Most employers willing to carry out constructive discharge do so in the hope that employees will believe they have no legal rights if they quit in those conditions rather than being terminated.

But as you point out, being a state employee creates a different protocol, both for HR and for employees to follow.

I don't know how point systems work, though.

Clovis Sangrail 6 years, 11 months ago

I believe KU's classified staff gave away their civil service protections ewhen they boted to opt out of the classified service a few years back.

Big mistake.

Khublai_Juan 6 years, 11 months ago

I worked with Cynthia in her next job after leaving the university and I can say she is very, very nice. That being said, though, our job was computer based and involved call center work and her computer skills were terrible. We expected she would be very proficient because of her work at KU but she seemed lost when asked to do simple tasks on her computer, like working with Excel, Outlook, etc. Not saying this is why they fired her, but I expected someone who worked in the computer center to know more about, well, computers.

xclusive85 6 years, 11 months ago

Wow, assuming what you say is true, my 8:51 post was pretty spot on.

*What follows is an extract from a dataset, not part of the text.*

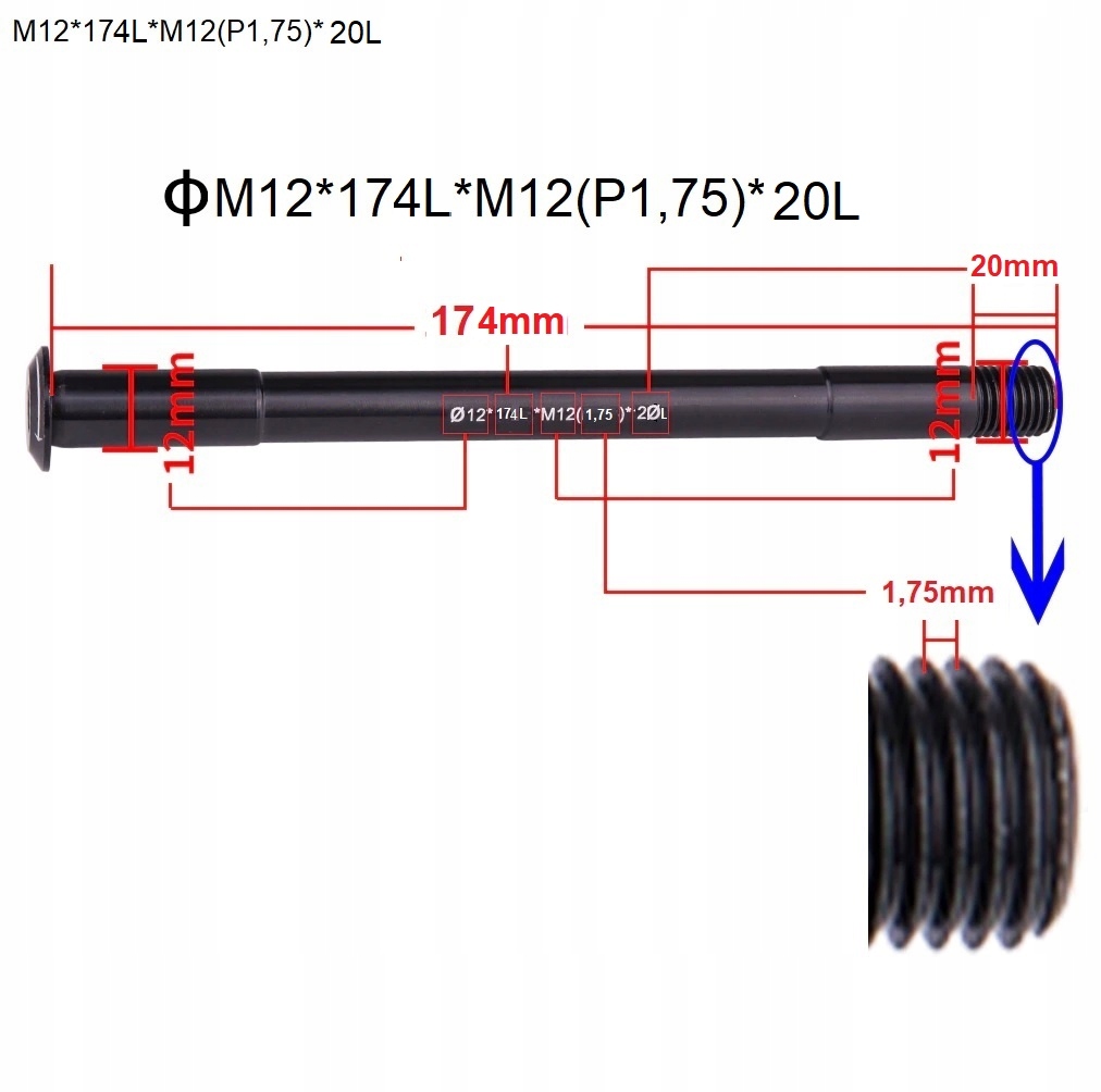 Oś sztywna Thru Axle 174mm M12x1,75, tylna oś.

das 6 years, 11 months ago

"...The suit says Faucher informed Cook and six other customer service center employees in 2009 they were being laid off 'due to a reorganization caused by budgetary problems.'..."

Isn't Ola Faucher running for school board too?......Interesting.......

begin60 6 years, 11 months ago

KU deserves every discrimination lawsuit they get. Apparently, when the university has goofed and behaved in a biased, discriminatory way instead of taking decent responsibility the school does their best to save themselves from liability by framing the victim. They have some real hacks of human resource "specialists" investigators over there, and Ola Faucher works hand-in-glove with them and their thuggish and dishonest methods. You have to be pretty inept to put smearing, false, racism charges against someone who was actually the victim of much unwanted molestation and discriminatory harassment on campus and then inform their supervisor of this before offering them any recourse. Decent professionals do not behave this way. It certainly has never happened to me before. Most schools, even in questionably advanced places like MO and NE would at least try to give the appearance of following due process laws--otherwise they'd be opening themselves to defamation and wrongful termination lawsuits. Here, however, the politics and structure of authority are so ingrown and full-of conflict-of-interest and sheep, the vindictive, spite-filled criminals on top have zilch problem with citing false witnesses and tampering with so-called evidence knowing they will not be held accountable.

KU is way too much of a joke even for someone totally passionate about education to want to deal with. My Jewish stepmother jokes her Dad when in the army during her childhood refused to drive through Kansas because of how prejudiced and backward the people are here. I can totally see why.

Synjyn Smythe 6 years, 11 months ago

"The suit says Faucher informed Cook and six other customer service center employees in 2009 they were being laid off 'due to a reorganization caused by budgetary problems.'” Ola sounds like she's ready to take a seat on our school board!!